OK. There are some hints that you can run hadoop atop SGE, though I've 
not tried it.

> 
>  
> 
> Currently it is done via script that reserves server for namenode 25 servers
> for datanode copies data from first cluster, runs job, send result back and
> releases servers. I still want to make them work together using one
> namenode. 
> 
>  
> 
> After a week playing with hadoop I couldn't answer some of my question vie
> thorough RTFM, so I'd really appreciate is you can answer at least some of
> them in our context:
> 

I'll answer the questions I can; leave the other q's to others

>  
> 
> 1.       Is it possible to connect servers from second cluster to first
> namenode? What worries me is implementation of data-transfer protocol,
> because some of the nodes cannot be reached but they can easily reach any
> other node.  Will hadoop try to establish connection both ways to transfer
> data between nodes?

There's an assumption that every datanode belongs to a single namenode. 
You can bring up task trackers on separate machines/networks from the 
job tracker, as long as they are set up to point to it. The task-tracker 
to job tracker communications should be ok; its the transfer of between 
the task tracker and the filesystem that you have to worry about.

>  
> 
> 2.       It is possible to specify "reliability" of the node, that is to
> make replica on the node with raid installed counts as two replicas as
> probability of failure is much lower. 

Not that I'm aware of.

> 
>  
> 
> 3.       I also bumped into problems with decommissioning, after I add hosts
> to free to dfs.hosts.exclude file and refreshNodes, they are marked as
> "Decommission in progress" for days, even though data is removed from them
> within first several minutes. What I currently do is shoot them down with
> some delay, but I really hope to see "Decommissioned" one day. What am I
> probably doing wrong?
> 
>  
> 
> 4.       The same question about dead hosts. I do a simple exercise: I
> create 20 datanodes on empty cluster, then I kill 15 of them and try to
> store a file on HDFS, hadoop fails because some nodes that it thinks "in
> service" aren't accessible. Is it possible to tell hadoop to remove these
> nodes from the list and do not try to store data on them? My current
> solution is hadoop-stop/start via cron every hour.

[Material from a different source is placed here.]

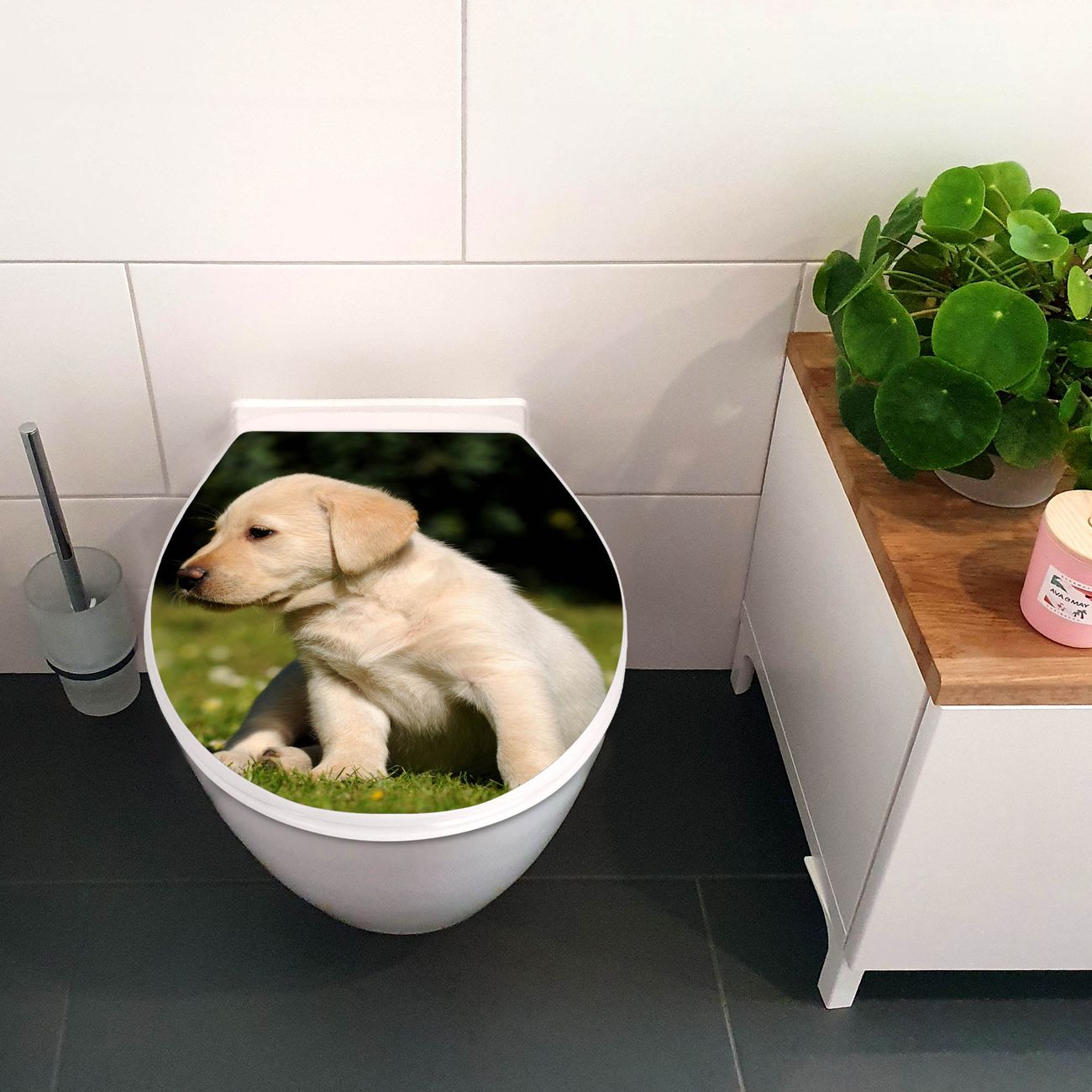 Toilettendeckel weiß mit Absenkautomatik Motiv Labrador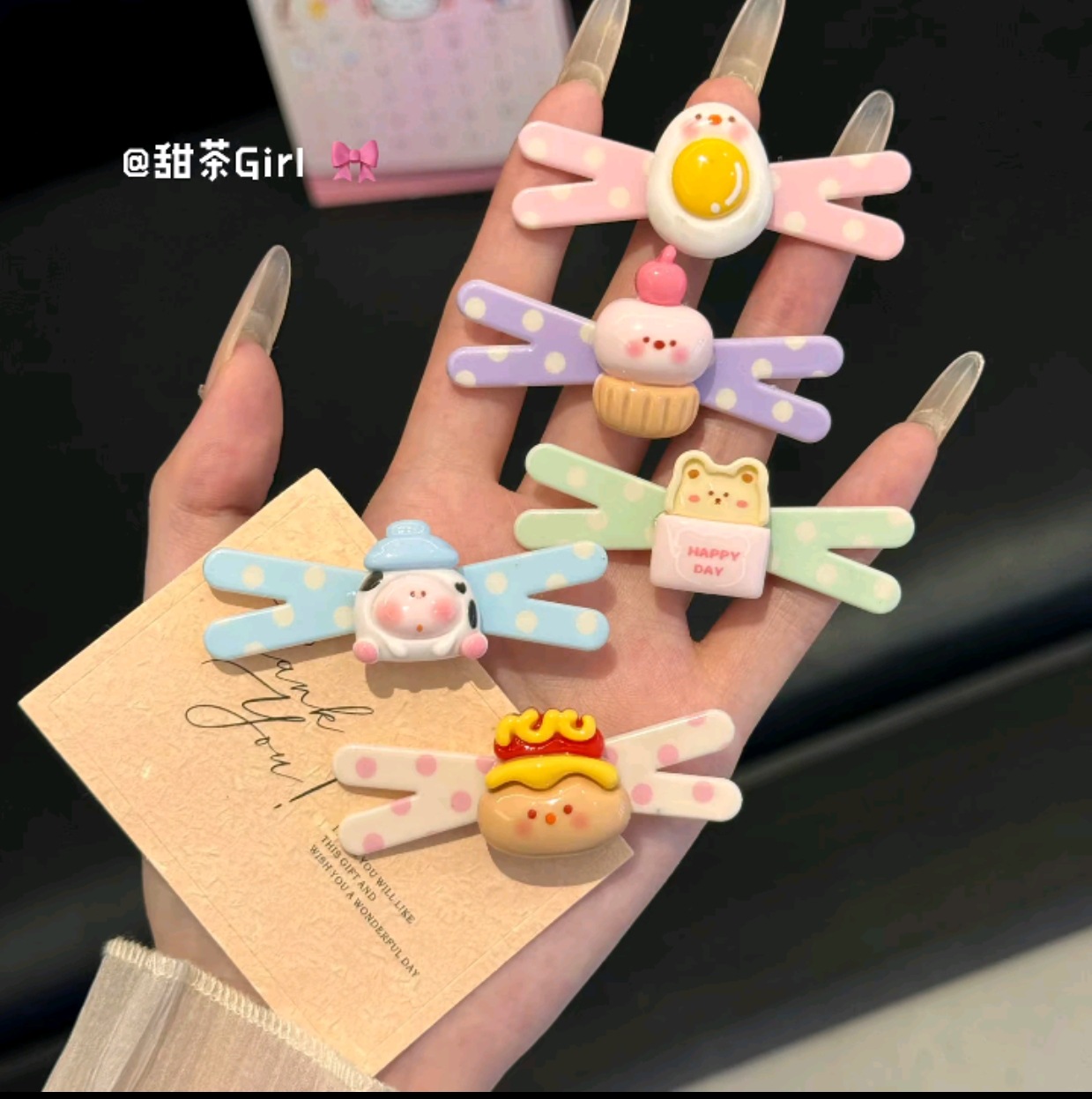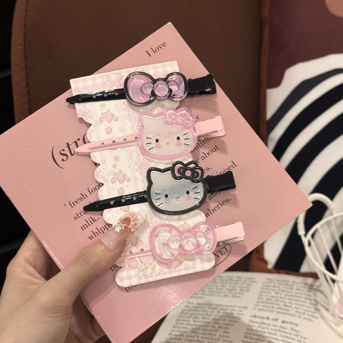 新款可爱透色KT猫发夹ins长款碎发刘海夹鸭嘴夹边夹少女发卡发饰

It sounds like the namenode should be doing more checking that the 
datanodes are live.

> 
>  
> 
> 5.       We also have some external secure storage that can be accesses via
> NFS from fists DATA cluster,  and it'd be great if I could somehow mount
> this storage to HDFS folder and tell hadoop that all data written to that
> folder shouldn't be replicated rather they should go directly to NFS.

You can certainly copy data in and out to NFS filestores without using 
HDFS; you can run tasks against NFS data without even running an HDFS 
filesystem. That is probably your best tactic. Trying to run HDFS on top 
of NFS is something that worries me; too many points of failure are 
being stacked up.


> 
>  
> 
> 6.       Ironically none of us who uses cluster knows java, and most tasks
> are launched via streaming with C++ programs/perl scripts.  The problem is
> how to write/read files from HDFS in this context, we currently use things
> like   -moveFromLocal  but it doesn't seems to be right answer, because it
> slows things down a lot.
> 
>  
> 
> 7.       On one of the DataCluster machines with run pretty large MySQL
> database, and just thinking whether it is possible to spread database across
> the cluster, has anyone tried that?


HBase

> 
>  
> 
> 8.       Fuse-hdfs works great, but we really hope to be able to write to
> HDFS someday, how to enable it?

There is a patch in SVN_HEAD for a thrift API to HDFS; this is 
accessible from C++ and perl